### Description of the task
Nothing outside the range is wanted. Repeat exactly the lines below from the one with "A delightful dish" through the one with "This time our".

### Data extracts
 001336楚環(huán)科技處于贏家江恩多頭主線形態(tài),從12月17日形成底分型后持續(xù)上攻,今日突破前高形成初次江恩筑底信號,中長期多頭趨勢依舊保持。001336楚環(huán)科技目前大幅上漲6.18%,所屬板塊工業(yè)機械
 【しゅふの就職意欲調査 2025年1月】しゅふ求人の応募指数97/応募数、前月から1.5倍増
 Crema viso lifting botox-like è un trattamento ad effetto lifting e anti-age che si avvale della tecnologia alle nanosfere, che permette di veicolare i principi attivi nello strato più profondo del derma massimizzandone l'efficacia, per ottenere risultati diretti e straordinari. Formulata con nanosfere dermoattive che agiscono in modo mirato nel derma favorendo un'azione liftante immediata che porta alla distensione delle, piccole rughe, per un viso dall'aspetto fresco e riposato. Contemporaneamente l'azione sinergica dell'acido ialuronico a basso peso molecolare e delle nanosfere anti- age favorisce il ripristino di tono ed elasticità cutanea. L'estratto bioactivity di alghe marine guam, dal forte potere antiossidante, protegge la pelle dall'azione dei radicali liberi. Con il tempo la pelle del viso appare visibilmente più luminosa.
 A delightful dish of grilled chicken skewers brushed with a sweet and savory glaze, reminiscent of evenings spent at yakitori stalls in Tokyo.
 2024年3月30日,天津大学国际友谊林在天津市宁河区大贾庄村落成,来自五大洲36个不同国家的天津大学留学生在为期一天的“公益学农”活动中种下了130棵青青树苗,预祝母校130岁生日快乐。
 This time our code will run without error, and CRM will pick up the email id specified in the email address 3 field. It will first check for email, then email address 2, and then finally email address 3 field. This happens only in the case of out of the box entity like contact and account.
--
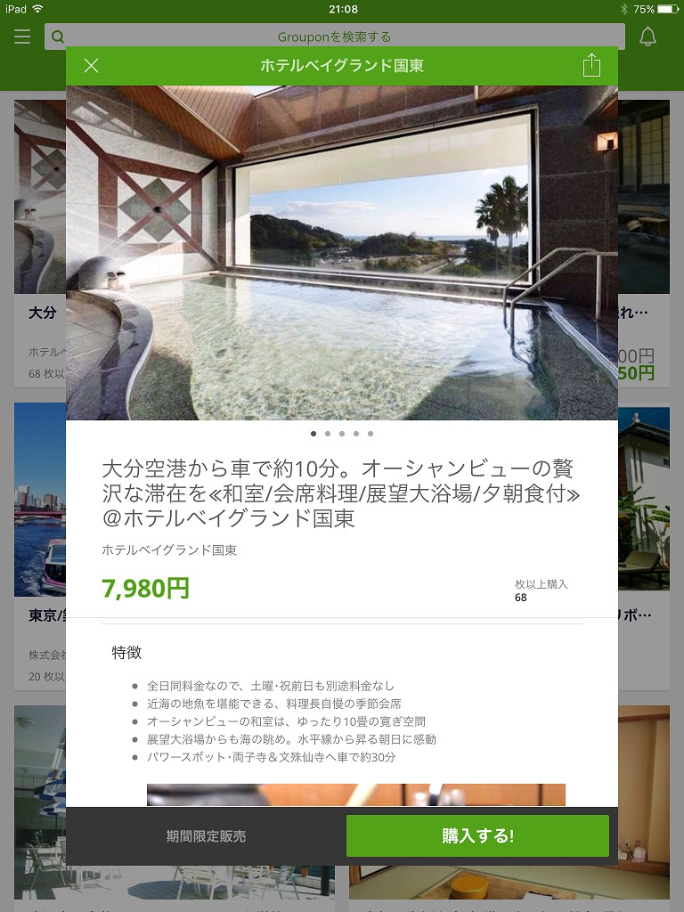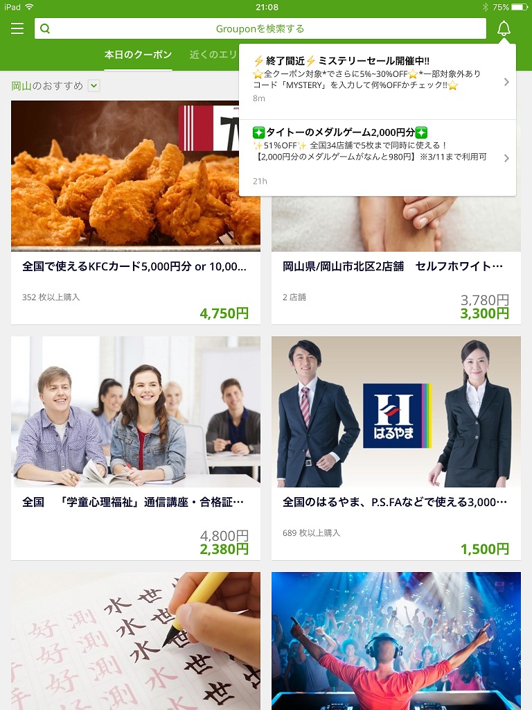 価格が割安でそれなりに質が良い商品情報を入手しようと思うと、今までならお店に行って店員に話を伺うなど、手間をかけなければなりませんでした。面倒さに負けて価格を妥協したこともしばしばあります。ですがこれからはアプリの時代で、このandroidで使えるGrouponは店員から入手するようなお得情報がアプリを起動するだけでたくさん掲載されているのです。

### Answer
 A delightful dish of grilled chicken skewers brushed with a sweet and savory glaze, reminiscent of evenings spent at yakitori stalls in Tokyo.
 2024年3月30日,天津大学国际友谊林在天津市宁河区大贾庄村落成,来自五大洲36个不同国家的天津大学留学生在为期一天的“公益学农”活动中种下了130棵青青树苗,预祝母校130岁生日快乐。
 This time our code will run without error, and CRM will pick up the email id specified in the email address 3 field. It will first check for email, then email address 2, and then finally email address 3 field. This happens only in the case of out of the box entity like contact and account.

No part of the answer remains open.